Rafael: Yeah. So it's important. And also about the protection, they graduate they're, they don't, is not looking just for the LLM, but the whole system as well. So they access the permission and so on. And yeah, I guess the insight that I have recently is they have another perspective it's more broader about the AI system [00:37:00] in general.
Rafael: ~And also, ~ as I'm looking and I'm researching about on the guardrails security guardrails. Data it's important. So as like we are building guardrails you should have data to understand what kind of patterns and methods that like hackers are using or should or could use to, to bypass AI or these guardrails.
Rafael: Data is important and if you look for just for the open source data that you have, it's not enough. Oh interesting.
Demetrios: Wait, tell me more about that. So it's like you should A, try to red team your own system, pen test your own system and thinking about the system as a whole, trying to break into it in any which way possible, not just the LLM.
Demetrios: But then if you're only doing that, you don't know what you don't know. And when you put something out live. It's going to get hit by the very creative hackers that they are. And so is it like [00:38:00] you should get a third party to try and pen test also? Or is it that you should, like, how do you get that data if you don't have it and you don't know that you don't know?
Rafael: Yeah, you should choose, I don't know, if you have an open source model that was trained on this data. Or you have, I dunno, a tool provider that work works on this, that collect the data filter this data to, to train like the gure models. ~And ~that's because this is very difficult to create the garage reels by internally entirely by itself.
Rafael: So it can use LMS as well, but it's it's vulnerable. Vulnerable as well. And also to create small language models, you should have data. So it's a challenge, it's like a cat and a hat. Yeah. But the challenge is this you should, what, the best way here to collect data is to work together with the cyber security team, the right team to understand [00:39:00] the patterns and then implement this, uh, this solution.
Demetrios: Yeah, it makes sense.
Rafael: And I believe I don't know, you, you have more. You see more open source open science and open source model around AI security, you don't have many tools and and models on this space. Let's say some models that you can, you could use as a guardrails and and make sure that everything's okay.
Rafael: So it's part of one, a path that I'm looking for, like to create more. A kind of open science around it.
Demetrios: Yeah. Almost like the trick there is that as soon as you put out a dataset that can help you understand where there are attack vulnerabilities, that dataset is no longer valuable because it needs to be behind closed doors.
Demetrios: It needs to be something that is almost [00:40:00] not shareable or not public.
Rafael: Yeah.
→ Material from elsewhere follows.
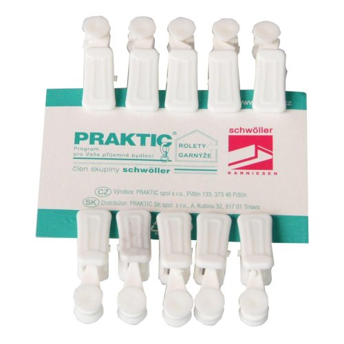 Žabka pro U kolejničku PH BÍ ( 10 ks ) Barva: bílá Materiál: plast Balení: 10 ks Žabky slouží pro snadné připevnění látky.

Do mean the data, right?
Demetrios: Yeah.
Rafael: Yeah. But it's a challenging of collecting data, collecting new patterns, learning, and then updating it constantly. ~Huh. So yeah. ~
Demetrios: ~So creating that flywheel. ~
Rafael: ~Flywheel. ~
Demetrios: Yeah.
Demetrios: So like almost like this, as we did in traditional ML and as you did a ton on retraining risk models or sorry, fraud models, your. In a way, continuously collecting data and then retraining these LLMs, but you're not retraining them in the sense that you're not going in, you're not going to train or fine tune the LLM.
Demetrios: You're just updating your, maybe it's your prompt or maybe it is the LLM calls, something like that.
Rafael: Yeah. I believe that is a good point iterating around Learning and integrating and improving, right? Yeah, it's a must have process to you can inspire on the traditional [00:41:00] ML and and use it in the in the AI application, LLV applications.